### [AIM OF THE TASK]
From the listing below, output only the lines starting at the line that has "Herzliche Einladung zur" and ending at the line that has "FSDA Knitted Long", exactly as they appear, ends included.

RECORD EXTRACTS Start Marker

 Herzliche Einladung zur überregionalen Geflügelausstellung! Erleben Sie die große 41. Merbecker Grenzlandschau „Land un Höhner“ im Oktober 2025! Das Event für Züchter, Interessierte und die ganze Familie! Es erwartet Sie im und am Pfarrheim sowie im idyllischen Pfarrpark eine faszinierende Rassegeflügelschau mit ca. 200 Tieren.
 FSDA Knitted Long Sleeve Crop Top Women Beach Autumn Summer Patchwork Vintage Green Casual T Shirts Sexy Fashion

RECORD EXTRACTS End Marker
RECORD EXTRACTS Start Marker

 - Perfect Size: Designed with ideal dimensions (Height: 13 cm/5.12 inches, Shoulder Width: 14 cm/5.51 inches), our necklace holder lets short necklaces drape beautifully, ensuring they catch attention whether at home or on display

RECORD EXTRACTS End Marker
RECORD EXTRACTS Start Marker

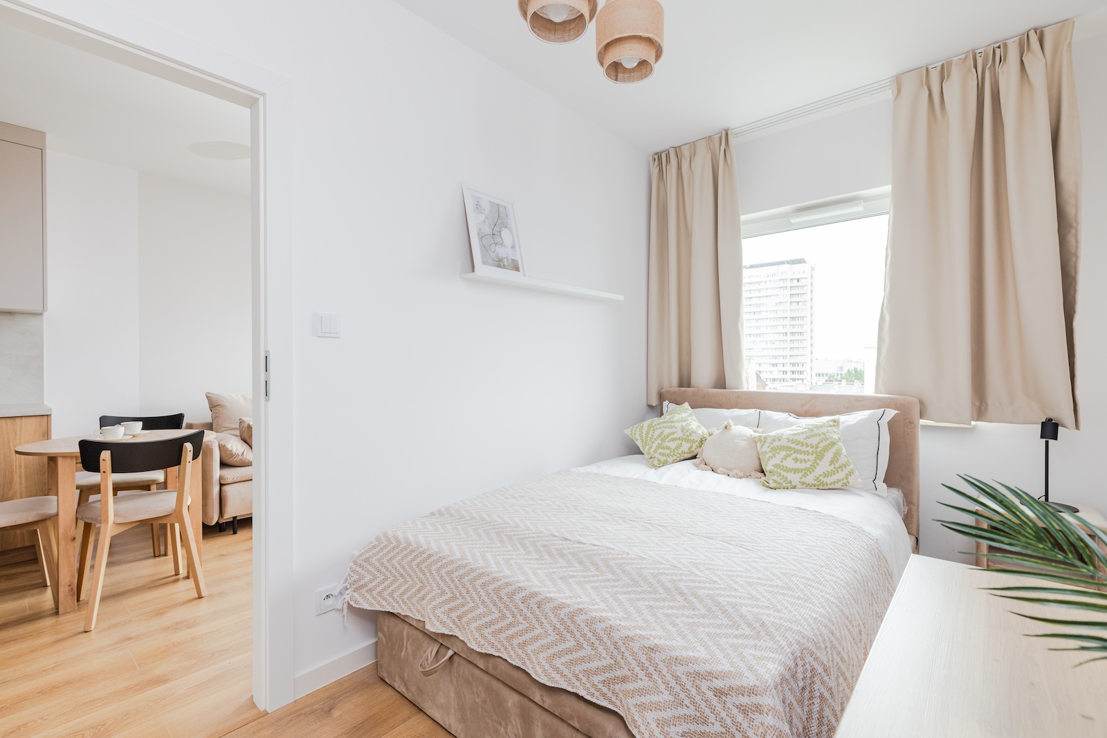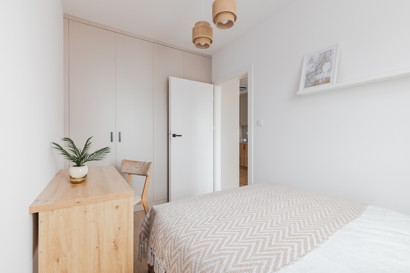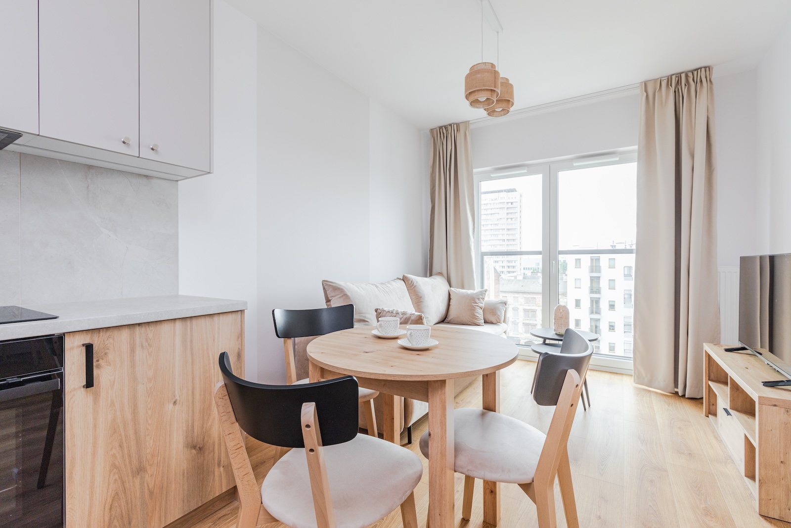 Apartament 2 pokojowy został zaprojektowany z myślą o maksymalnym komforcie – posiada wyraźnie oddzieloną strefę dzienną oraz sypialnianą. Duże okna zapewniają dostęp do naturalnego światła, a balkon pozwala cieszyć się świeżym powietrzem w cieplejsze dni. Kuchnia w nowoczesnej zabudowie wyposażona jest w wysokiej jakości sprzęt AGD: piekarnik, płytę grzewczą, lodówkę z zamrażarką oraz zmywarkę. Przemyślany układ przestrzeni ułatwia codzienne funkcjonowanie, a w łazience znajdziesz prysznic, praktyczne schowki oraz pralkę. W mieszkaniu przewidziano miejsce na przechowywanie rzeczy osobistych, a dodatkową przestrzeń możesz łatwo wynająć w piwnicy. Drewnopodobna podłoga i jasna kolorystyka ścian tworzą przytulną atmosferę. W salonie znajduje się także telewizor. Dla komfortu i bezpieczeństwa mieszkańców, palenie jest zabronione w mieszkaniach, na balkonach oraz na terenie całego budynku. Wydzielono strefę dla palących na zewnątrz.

RECORD EXTRACTS End Marker

### [RESULT]
 Herzliche Einladung zur überregionalen Geflügelausstellung! Erleben Sie die große 41. Merbecker Grenzlandschau „Land un Höhner“ im Oktober 2025! Das Event für Züchter, Interessierte und die ganze Familie! Es erwartet Sie im und am Pfarrheim sowie im idyllischen Pfarrpark eine faszinierende Rassegeflügelschau mit ca. 200 Tieren.
 FSDA Knitted Long Sleeve Crop Top Women Beach Autumn Summer Patchwork Vintage Green Casual T Shirts Sexy Fashion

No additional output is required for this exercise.